Dataset items

.....

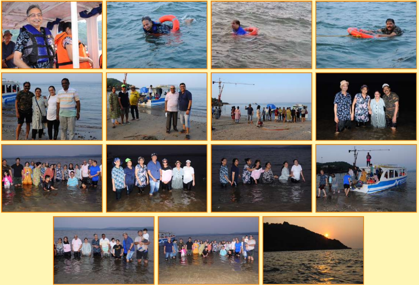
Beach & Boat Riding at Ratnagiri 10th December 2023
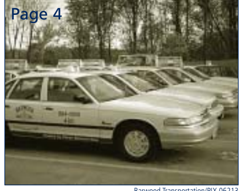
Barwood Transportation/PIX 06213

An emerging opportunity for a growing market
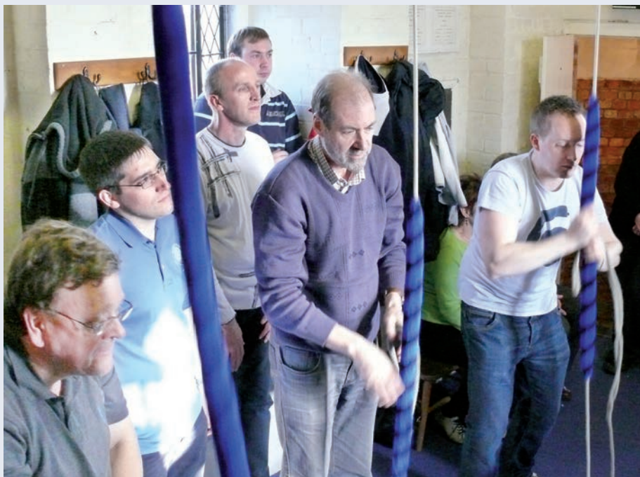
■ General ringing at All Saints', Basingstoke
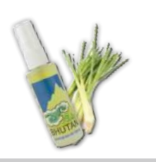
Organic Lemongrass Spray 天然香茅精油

.....

WHAT TO DO |
Should a picture appear among the entries, skip it and copy the rest exactly.

ANSWER SECTION |
Beach & Boat Riding at Ratnagiri 10th December 2023
Barwood Transportation/PIX 06213

An emerging opportunity for a growing market
■ General ringing at All Saints', Basingstoke
Organic Lemongrass Spray 天然香茅精油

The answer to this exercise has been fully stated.